Directions for this task: Return every record below exactly as written, omitting any pictures.
===== Exercise data
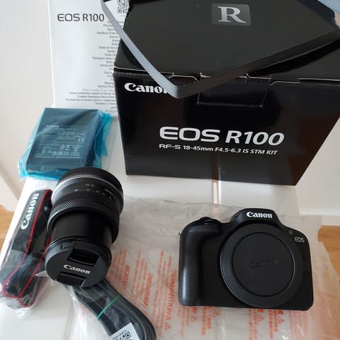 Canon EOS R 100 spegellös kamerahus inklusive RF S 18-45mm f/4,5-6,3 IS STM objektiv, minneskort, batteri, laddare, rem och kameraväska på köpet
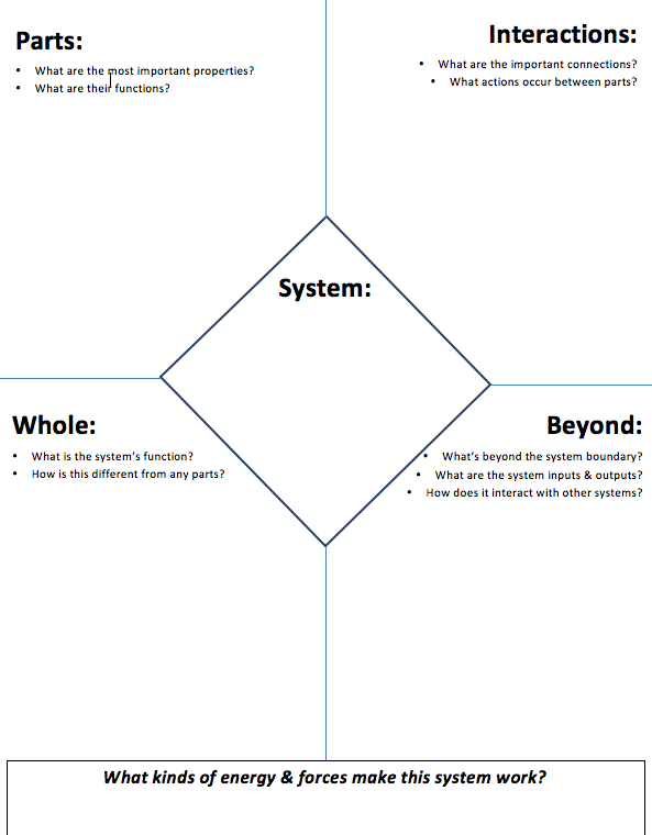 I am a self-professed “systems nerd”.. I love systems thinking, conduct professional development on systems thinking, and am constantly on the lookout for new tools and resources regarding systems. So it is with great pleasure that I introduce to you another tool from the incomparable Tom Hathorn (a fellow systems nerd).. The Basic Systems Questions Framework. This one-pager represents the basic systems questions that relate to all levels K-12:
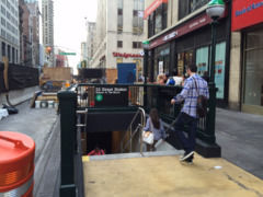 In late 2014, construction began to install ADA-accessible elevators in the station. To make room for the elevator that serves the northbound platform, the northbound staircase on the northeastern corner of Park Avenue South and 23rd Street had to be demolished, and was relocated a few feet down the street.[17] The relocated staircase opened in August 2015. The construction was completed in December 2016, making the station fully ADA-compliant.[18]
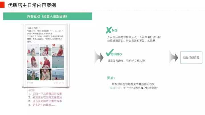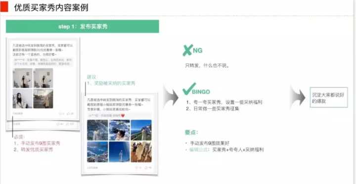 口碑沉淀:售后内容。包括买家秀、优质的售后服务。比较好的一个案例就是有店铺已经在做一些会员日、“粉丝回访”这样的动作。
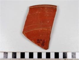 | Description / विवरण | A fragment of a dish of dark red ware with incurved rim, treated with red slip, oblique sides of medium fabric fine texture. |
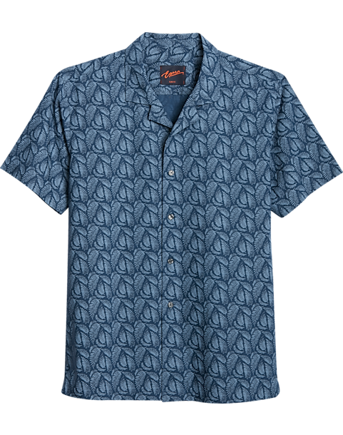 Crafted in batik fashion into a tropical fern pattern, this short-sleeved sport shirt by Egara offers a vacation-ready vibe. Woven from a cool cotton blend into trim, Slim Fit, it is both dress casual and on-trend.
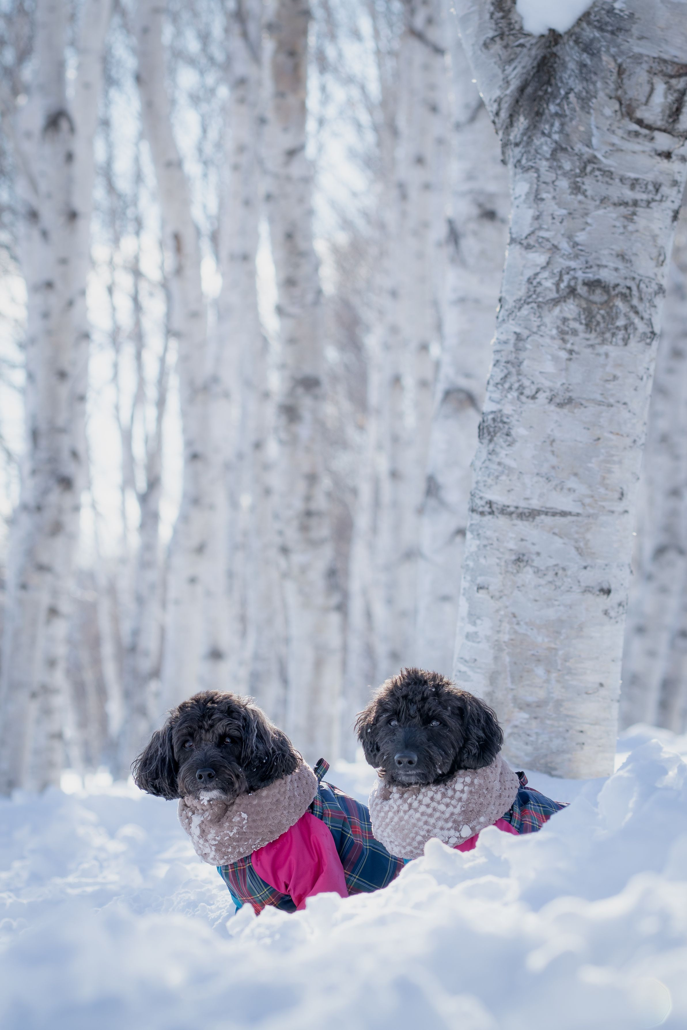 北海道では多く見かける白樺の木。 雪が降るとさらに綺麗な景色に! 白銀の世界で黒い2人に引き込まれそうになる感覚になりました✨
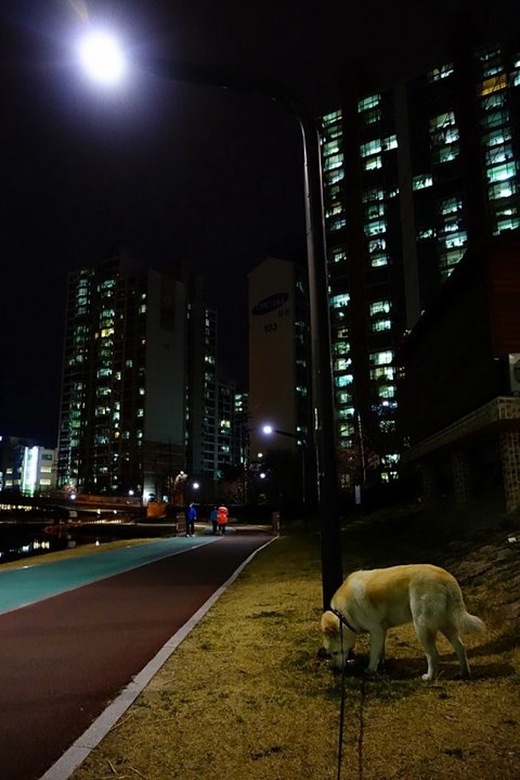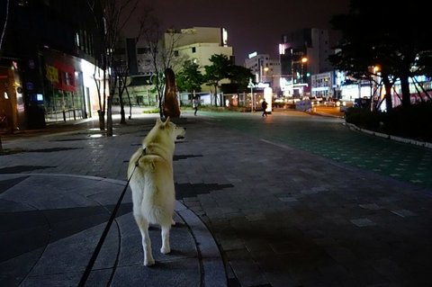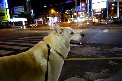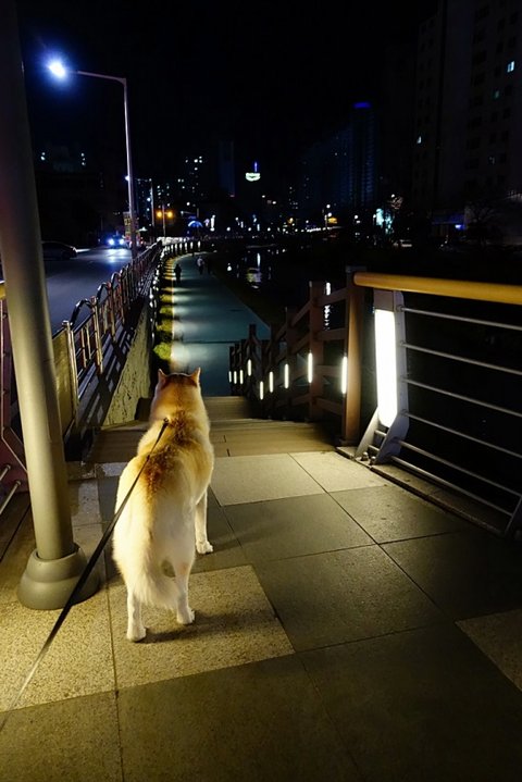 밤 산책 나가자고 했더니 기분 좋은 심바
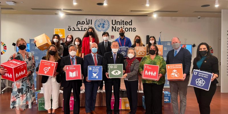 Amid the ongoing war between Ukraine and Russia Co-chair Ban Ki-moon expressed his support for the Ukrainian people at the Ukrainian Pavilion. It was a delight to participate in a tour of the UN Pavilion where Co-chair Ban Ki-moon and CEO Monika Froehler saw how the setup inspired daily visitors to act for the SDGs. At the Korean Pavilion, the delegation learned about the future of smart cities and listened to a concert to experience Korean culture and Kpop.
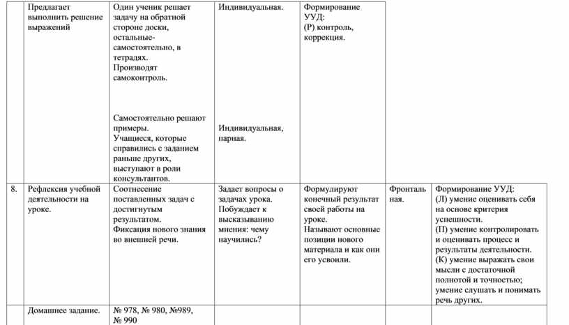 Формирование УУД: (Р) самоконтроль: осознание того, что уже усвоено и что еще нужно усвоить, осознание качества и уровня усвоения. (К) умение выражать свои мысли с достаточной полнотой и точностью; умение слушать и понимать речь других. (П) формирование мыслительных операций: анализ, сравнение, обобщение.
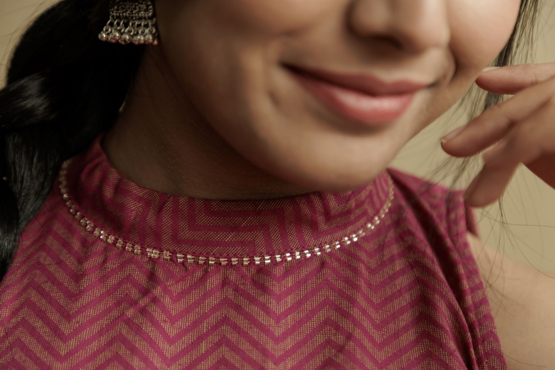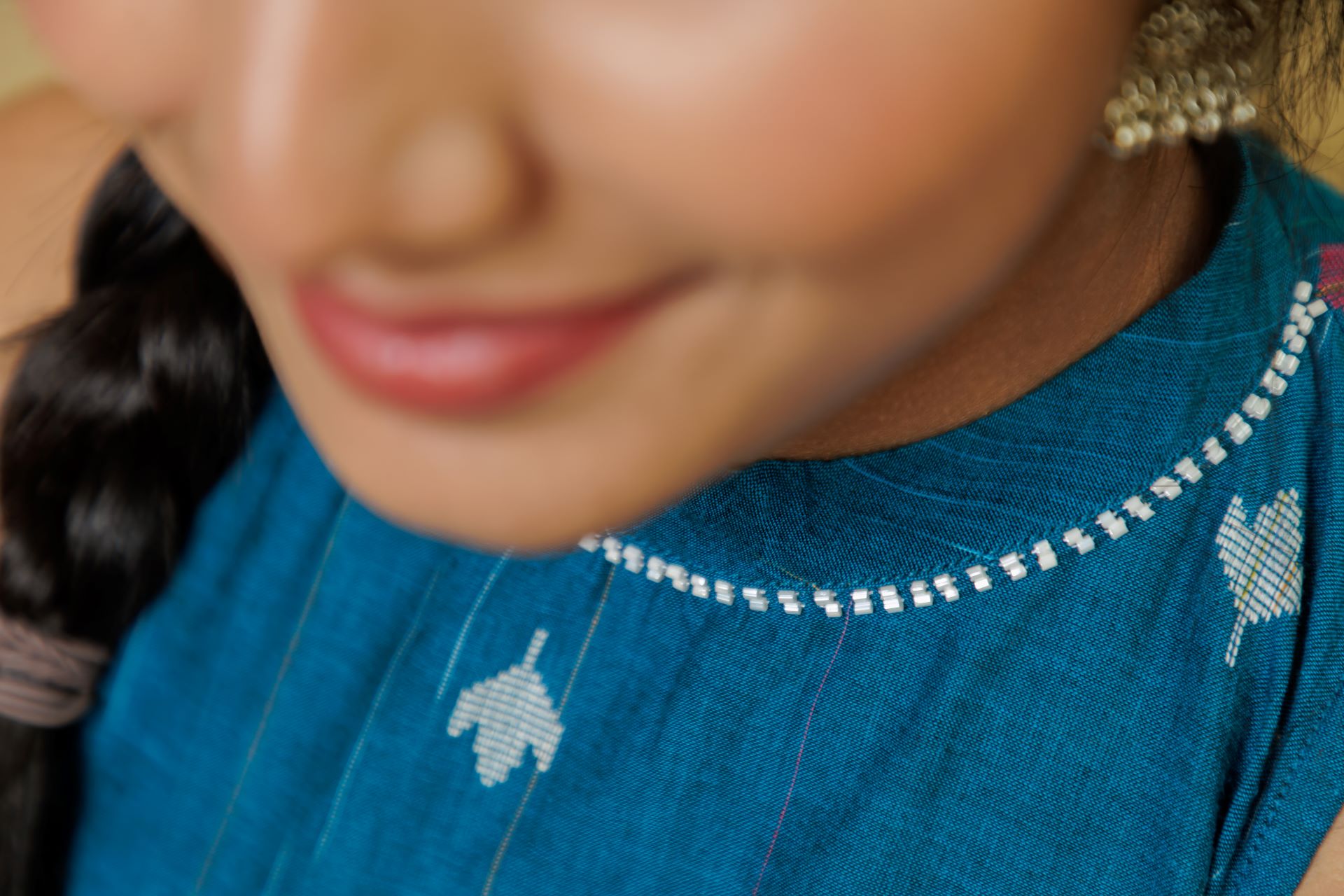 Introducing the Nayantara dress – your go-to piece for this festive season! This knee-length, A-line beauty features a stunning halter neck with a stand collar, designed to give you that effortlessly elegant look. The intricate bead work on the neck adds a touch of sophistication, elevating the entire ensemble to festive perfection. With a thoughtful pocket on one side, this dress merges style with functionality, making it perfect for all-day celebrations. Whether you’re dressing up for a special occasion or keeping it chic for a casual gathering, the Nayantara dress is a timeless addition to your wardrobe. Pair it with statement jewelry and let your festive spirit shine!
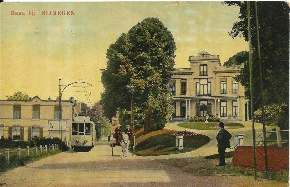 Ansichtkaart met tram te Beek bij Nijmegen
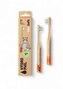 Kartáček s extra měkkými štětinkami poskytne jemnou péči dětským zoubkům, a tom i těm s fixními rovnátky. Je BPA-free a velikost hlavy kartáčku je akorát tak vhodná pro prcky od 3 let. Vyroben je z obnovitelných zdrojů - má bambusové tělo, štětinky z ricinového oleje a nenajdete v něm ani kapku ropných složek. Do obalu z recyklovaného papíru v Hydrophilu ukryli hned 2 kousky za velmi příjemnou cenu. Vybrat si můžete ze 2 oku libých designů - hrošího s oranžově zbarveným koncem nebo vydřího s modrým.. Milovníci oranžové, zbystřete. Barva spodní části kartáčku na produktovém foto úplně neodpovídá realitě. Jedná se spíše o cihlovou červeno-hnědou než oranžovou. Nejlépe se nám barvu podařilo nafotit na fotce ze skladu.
==========
Result of the task:
 Canon EOS R 100 spegellös kamerahus inklusive RF S 18-45mm f/4,5-6,3 IS STM objektiv, minneskort, batteri, laddare, rem och kameraväska på köpet
 I am a self-professed “systems nerd”.. I love systems thinking, conduct professional development on systems thinking, and am constantly on the lookout for new tools and resources regarding systems. So it is with great pleasure that I introduce to you another tool from the incomparable Tom Hathorn (a fellow systems nerd).. The Basic Systems Questions Framework. This one-pager represents the basic systems questions that relate to all levels K-12:
 In late 2014, construction began to install ADA-accessible elevators in the station. To make room for the elevator that serves the northbound platform, the northbound staircase on the northeastern corner of Park Avenue South and 23rd Street had to be demolished, and was relocated a few feet down the street.[17] The relocated staircase opened in August 2015. The construction was completed in December 2016, making the station fully ADA-compliant.[18]
 口碑沉淀:售后内容。包括买家秀、优质的售后服务。比较好的一个案例就是有店铺已经在做一些会员日、“粉丝回访”这样的动作。
 | Description / विवरण | A fragment of a dish of dark red ware with incurved rim, treated with red slip, oblique sides of medium fabric fine texture. |
 Crafted in batik fashion into a tropical fern pattern, this short-sleeved sport shirt by Egara offers a vacation-ready vibe. Woven from a cool cotton blend into trim, Slim Fit, it is both dress casual and on-trend.
 北海道では多く見かける白樺の木。 雪が降るとさらに綺麗な景色に! 白銀の世界で黒い2人に引き込まれそうになる感覚になりました✨
 밤 산책 나가자고 했더니 기분 좋은 심바
 Amid the ongoing war between Ukraine and Russia Co-chair Ban Ki-moon expressed his support for the Ukrainian people at the Ukrainian Pavilion. It was a delight to participate in a tour of the UN Pavilion where Co-chair Ban Ki-moon and CEO Monika Froehler saw how the setup inspired daily visitors to act for the SDGs. At the Korean Pavilion, the delegation learned about the future of smart cities and listened to a concert to experience Korean culture and Kpop.
 Формирование УУД: (Р) самоконтроль: осознание того, что уже усвоено и что еще нужно усвоить, осознание качества и уровня усвоения. (К) умение выражать свои мысли с достаточной полнотой и точностью; умение слушать и понимать речь других. (П) формирование мыслительных операций: анализ, сравнение, обобщение.
 Introducing the Nayantara dress – your go-to piece for this festive season! This knee-length, A-line beauty features a stunning halter neck with a stand collar, designed to give you that effortlessly elegant look. The intricate bead work on the neck adds a touch of sophistication, elevating the entire ensemble to festive perfection. With a thoughtful pocket on one side, this dress merges style with functionality, making it perfect for all-day celebrations. Whether you’re dressing up for a special occasion or keeping it chic for a casual gathering, the Nayantara dress is a timeless addition to your wardrobe. Pair it with statement jewelry and let your festive spirit shine!
 Ansichtkaart met tram te Beek bij Nijmegen
 Kartáček s extra měkkými štětinkami poskytne jemnou péči dětským zoubkům, a tom i těm s fixními rovnátky. Je BPA-free a velikost hlavy kartáčku je akorát tak vhodná pro prcky od 3 let. Vyroben je z obnovitelných zdrojů - má bambusové tělo, štětinky z ricinového oleje a nenajdete v něm ani kapku ropných složek. Do obalu z recyklovaného papíru v Hydrophilu ukryli hned 2 kousky za velmi příjemnou cenu. Vybrat si můžete ze 2 oku libých designů - hrošího s oranžově zbarveným koncem nebo vydřího s modrým.. Milovníci oranžové, zbystřete. Barva spodní části kartáčku na produktovém foto úplně neodpovídá realitě. Jedná se spíše o cihlovou červeno-hnědou než oranžovou. Nejlépe se nám barvu podařilo nafotit na fotce ze skladu.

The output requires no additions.